** PROVIDED DATA **
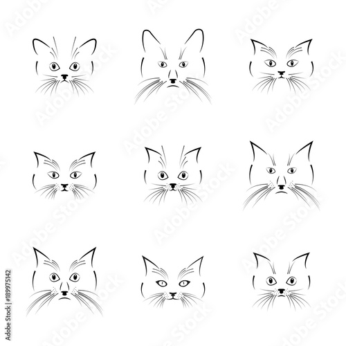 © kup1984, Fototapeta premium Black cat face, vector illustration.
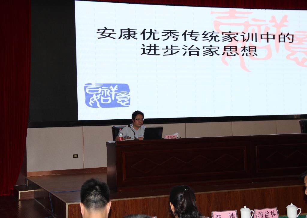 7月21日,安康学院文学与传媒学院青年教师杨明贵赴白河县,为该县200余名干部作了题为《安康优秀传统家规家训中的进步治家思想》的讲座。此次讲座是我校结对帮扶贫困县实施文化帮扶工程的系列活动之一,旨在将地域人文精粹融入脱贫攻坚战役和推进新民风建设之中。
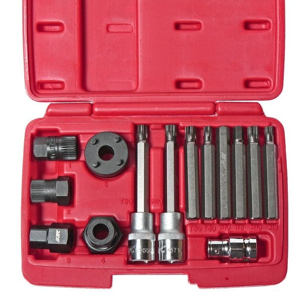 The alternator combination socket set is specially designed two-part socket for removing and replacing the free wheel pulley when wanting to replace the alternator or pulley. Contents: 1/2 in Dr. bit socket: M10, T50 x 110 mm = 2 pcs. 75 mm S2 power bit: M8, M10, H8, H10, T40, T50 = 6 pcs. Special reaction nut: #1 33T x 19.5 mm, #2 33T x 19.2 mm, #3 hex x 17 / 21 mm, #4 hex x 28 mm, #5 4P x 30.2 mm = 5 pcs. Application: VW, Audi, BMW, Ford, Skoda, Benz, Opel / Vauxhall, Porsche, Renault, Volvo, etc.

** ACTIVITY **
What you should repeat exactly is the run of lines from the top of the listing above through the line with "7月21日,安康学院文学与传", without pictures.

** EXERCISE SOLUTION **
 © kup1984, Fototapeta premium Black cat face, vector illustration.
 7月21日,安康学院文学与传媒学院青年教师杨明贵赴白河县,为该县200余名干部作了题为《安康优秀传统家规家训中的进步治家思想》的讲座。此次讲座是我校结对帮扶贫困县实施文化帮扶工程的系列活动之一,旨在将地域人文精粹融入脱贫攻坚战役和推进新民风建设之中。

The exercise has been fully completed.